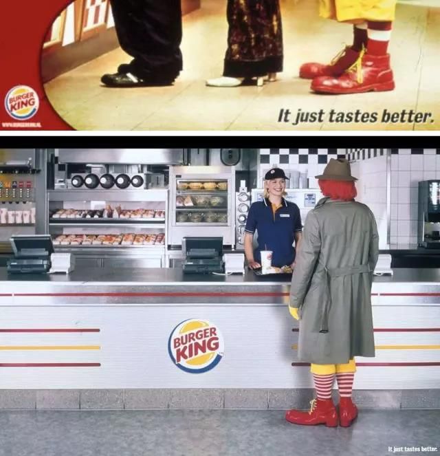最后,怎么將這兩者結(jié)合形成反差呢?麥當(dāng)勞叔叔自己都無法拒絕美味,還喬裝打扮來買漢堡王。這種反差沖突馬上就告訴了你誰更美味。
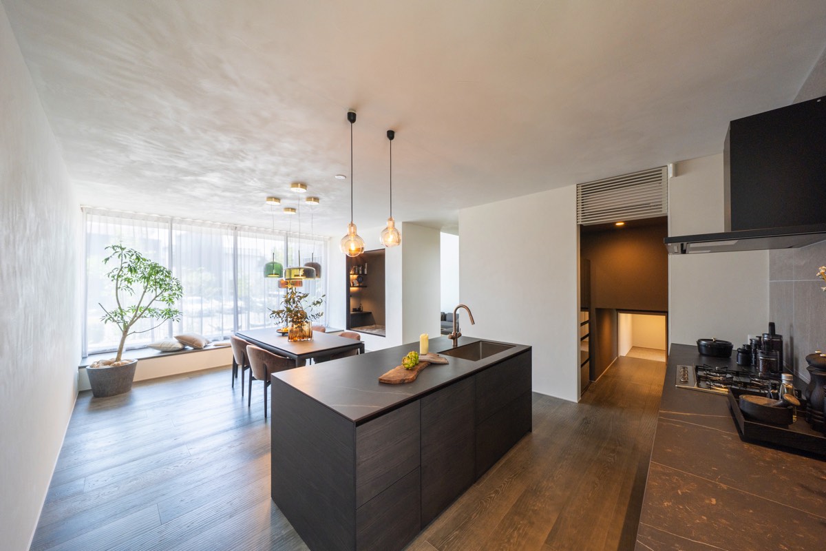 イタリアブランドの(ValcucineJP)を採用したキッチンは、機能性と美しさを備え、料理の時間を特別なひとときへと変える。タイル壁と照明が空間に深みを与え、窓辺の居場所は外部とつながる親子の愛着の場となる。
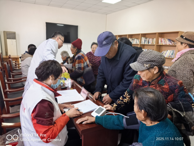 護理團隊為村民提供血壓、血糖測量、心電圖檢查及耳穴壓豆等中醫特色技術服務,讓群眾在家門口享受到三甲醫院的專業診療,真切感受到黨組織帶來的健康關懷。
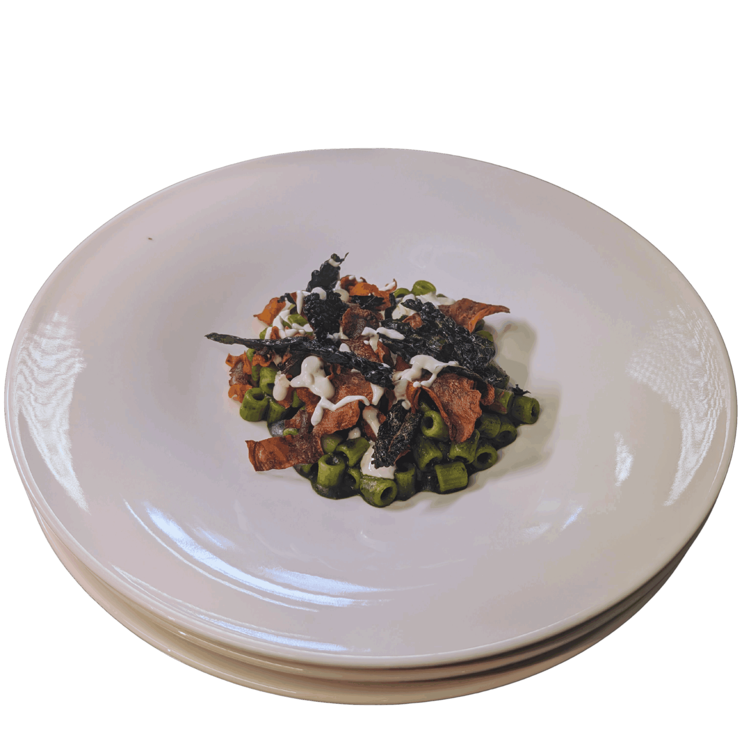 Pasta risottata with black cabbage cream, miso, fermented lemon and vegetable potato chips
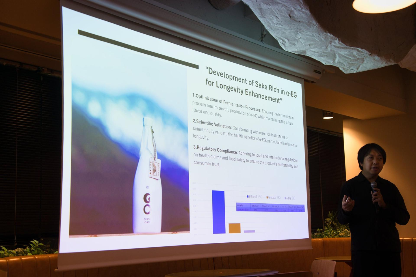 主催の鈴木健吾からもロンジェビティー技術について話題提供を行いました。鈴木はバイオテクノロジーを用いて老化の課題を解決することを目指すリジェネソーム株式会社の代表も務めています。話題提供では日本酒中の成分がロンジェビティに寄与する可能性についても取り上げました。
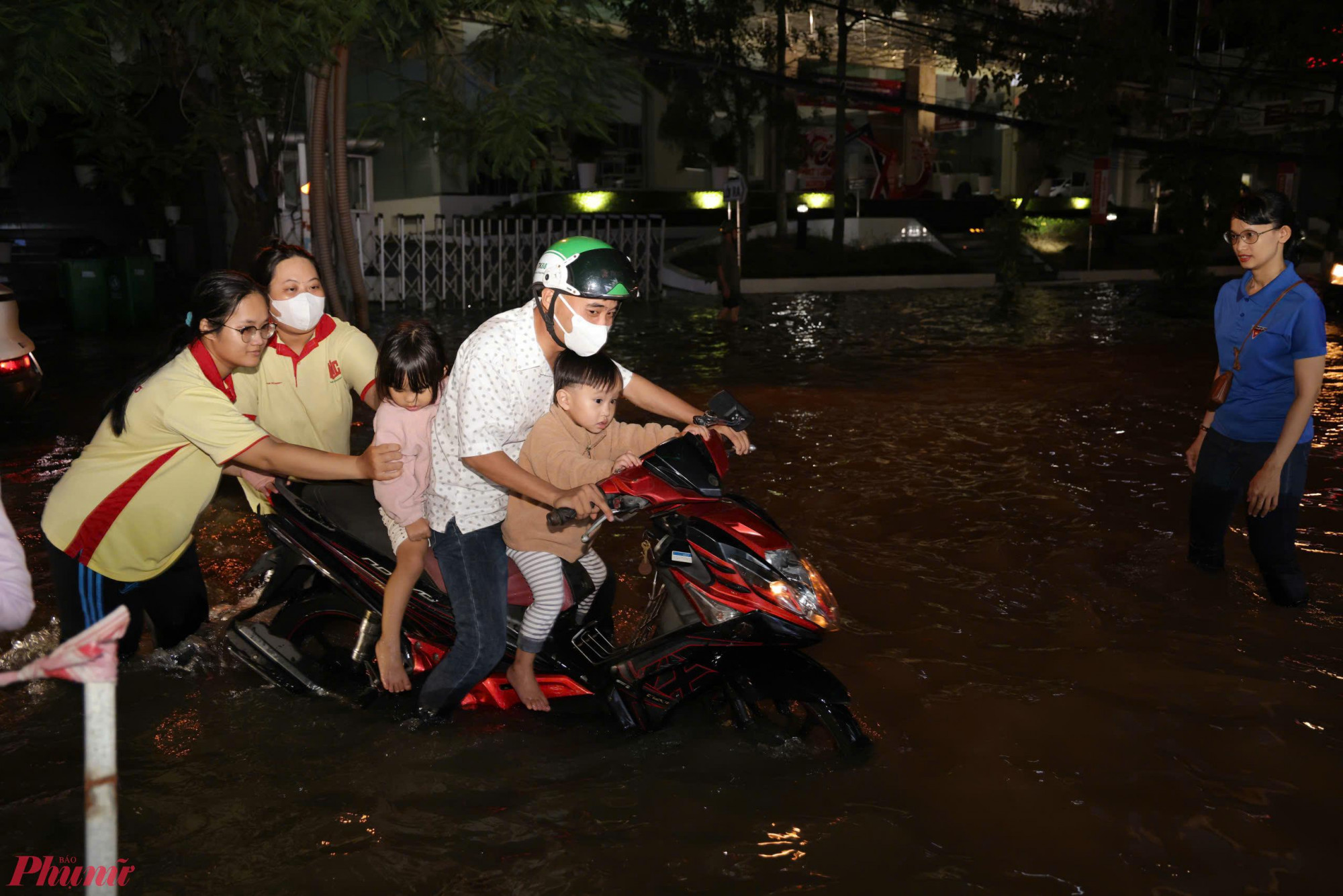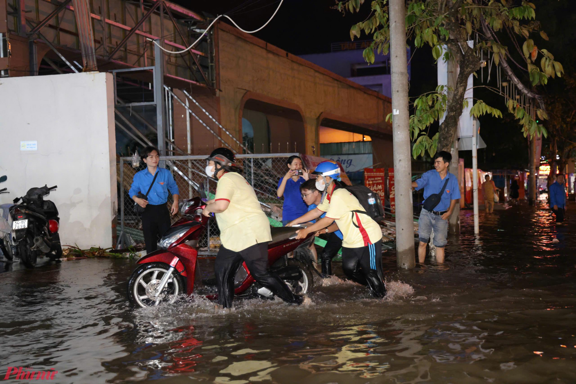 lực lượng công an, quân sự, dân phòng, đoàn thanh niên, sinh viên… đã có mặt ở các nơi ngập sâu để hỗ trợ bà con đi lại,
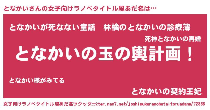 | 男性向けラノベタイトル風あだ名 | 『となかい~年齢イコール彼女いない歴の魔法使い~』 |

════════════════════

Only the lines above starting with the line with "イタリアブランドの(Valc" and going on through the line with "主催の鈴木健吾からもロンジェ" belong in the answer; repeat them exactly, minus any picture.

* **RESPONSE**
 イタリアブランドの(ValcucineJP)を採用したキッチンは、機能性と美しさを備え、料理の時間を特別なひとときへと変える。タイル壁と照明が空間に深みを与え、窓辺の居場所は外部とつながる親子の愛着の場となる。
 護理團隊為村民提供血壓、血糖測量、心電圖檢查及耳穴壓豆等中醫特色技術服務,讓群眾在家門口享受到三甲醫院的專業診療,真切感受到黨組織帶來的健康關懷。
 Pasta risottata with black cabbage cream, miso, fermented lemon and vegetable potato chips
 主催の鈴木健吾からもロンジェビティー技術について話題提供を行いました。鈴木はバイオテクノロジーを用いて老化の課題を解決することを目指すリジェネソーム株式会社の代表も務めています。話題提供では日本酒中の成分がロンジェビティに寄与する可能性についても取り上げました。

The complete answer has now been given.